1st Edition

Psychoanalytic Participation Action, Interaction, and Integration

By Kenneth A Frank Copyright 1999

    In Psychoanalytic Participation: Action, Interaction, and Integration, Kenneth Frank argues that the gulf between analysis and what he terms "action-oriented" or cognitive-behavioral techniques is anachronistic and has unnecessarily limited the repertoire of analytically oriented clinicians. In point of fact, action-oriented and even cognitive-behavioral techniques may be employed in ways that are consistent with the analytic goal of promoting profound personality change, and so may be profitably incorporated into analytic treatments.

    Anchoring his discussion in a contemporary two-person model of psychoanalysis, Frank clarifies and extends the shift toward analyst participation that has developed within recent relational theorizing. On the basis of this orientation, which calls attention to the therapeutic importance of the real qualities of the analyst and of the analytic relationship, Frank sets forth a pragmatic analytic approach that balances traditional "process" elements with patients' problem-solving and outside progress in realizing life goals. By letting themselves be known by their patients and by participating intensively and actively in their treatment, analysts as analysts can help patients shape new and adaptive behaviors in their daily lives. It is the participatory possibilities growing out of a contemporary relational perspective that provide the ground for a rapprochement between psychoanalysis and cognitive-behavior therapy.
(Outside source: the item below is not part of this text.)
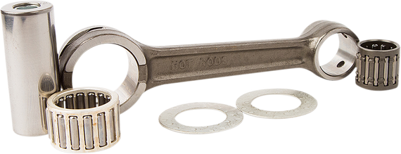 Caracteristicas: Heavy-duty OE replacement connecting rods Certified 8620 AISI steel provides superior strength Crankpins are manufactured from hot-rolled ASTM 4115 and case hardened to 58-62Rc Feature the latest in caged needle roller bearing designs for high rpm longevity Uniquely designed big end uses strategically located side scalloping and vent slots to minimize bearing race distortion at high rpm Small ends are double drilled to supply extra lubrication and cooling to the wrist pin bearing, which is especially important when the piston crown is close to the wrist pin bearing Shot-peened to eliminate surface stress risers and to smoothly blend together the rod forging's radiuses Double honing produces an ultra-round bearing surface for reliability at high rpm Most rod assemblies are sold complete with rod, crank pin, crank pin bearing, top-end bearing and silver-coated bronze phosphor thrust washers Compatible with Hot Rods and OE crankshafts Made in U.S.A.; connecting rod manufactured at Hot Rods Iowa facility
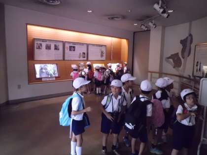 10月5日(水)1・2年生が天王寺動物園に行きました。台風の雨風が心配されましたが、時折、小雨が降る程度で動物園の1日を楽しむことができました。子どもたちはキリンやゾウ、北極グマなど、たくさんの動物を真剣に見ていました。図画工作の時間に動物の絵を描きます。

To this end, Frank presents numerous examples of how action-oriented, cognitive-behavioral principles and techniques can be used to potentiate and accelerate the analytic process.
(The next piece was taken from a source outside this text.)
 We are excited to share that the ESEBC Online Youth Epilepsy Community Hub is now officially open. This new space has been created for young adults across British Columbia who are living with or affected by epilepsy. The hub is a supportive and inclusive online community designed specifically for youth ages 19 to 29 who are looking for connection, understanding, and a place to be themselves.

    At once scholarly and exploratory, pragmatic and visionary, Psychoanalytic Participation helps shepherd psychoanalysis into the 21st century while making psychoanalytic wisdom - both traditional and contemporary - available to the broad community of psychotherapists appreciative of the usefulness of cognitive-behavioral treatment strategies. 
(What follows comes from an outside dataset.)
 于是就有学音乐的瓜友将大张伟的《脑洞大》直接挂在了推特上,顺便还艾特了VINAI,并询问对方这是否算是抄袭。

    1. Introduction and Overview
    2. The Meaning of a Two-Person Treatment Model
    3 The Psychoanalyst's Participation of the New Role for Action and External Reality
    4. The Analyst and the Role of Enactments
    5. The Many Meanings of New Relational Experience
    6. The Historical Trend Toward Self-Disclosure
    7. The Analyst's Authenticity
    8. A Two-Person Model for Therapist Self-Disclosure
    9. Psychoanalysis and Facilitating Patients' Adaptive Action
    10. Using Action-Oriented Techniques Analytically
    11. Focused Integrative PsychotherapyAfterword

    Biography

    Kenneth A Frank

    "In this thoughtful and scholarly volume, Frank provides nuanced exploration of the various ways in which analysts' active participation in the therapeutic relationship can lead to important new experiences for their patients. Building on the shift in contemporary psychoanalytic theory toward two-person and relational perspectives, he develops a tightly reasoned, theoretically sophisticated framework that clarifies the manner in which therapist authenticity, self-disclosure, and the use of action-oriented interventions not only lead to change, but work in harmony with - rather than in opposition to - the analytic process. Psychoanalytic Participation is a timely, practical, and wise book that points the way to new dimensions in clinical practice. It deserves to be widely read by therapists of all orientations."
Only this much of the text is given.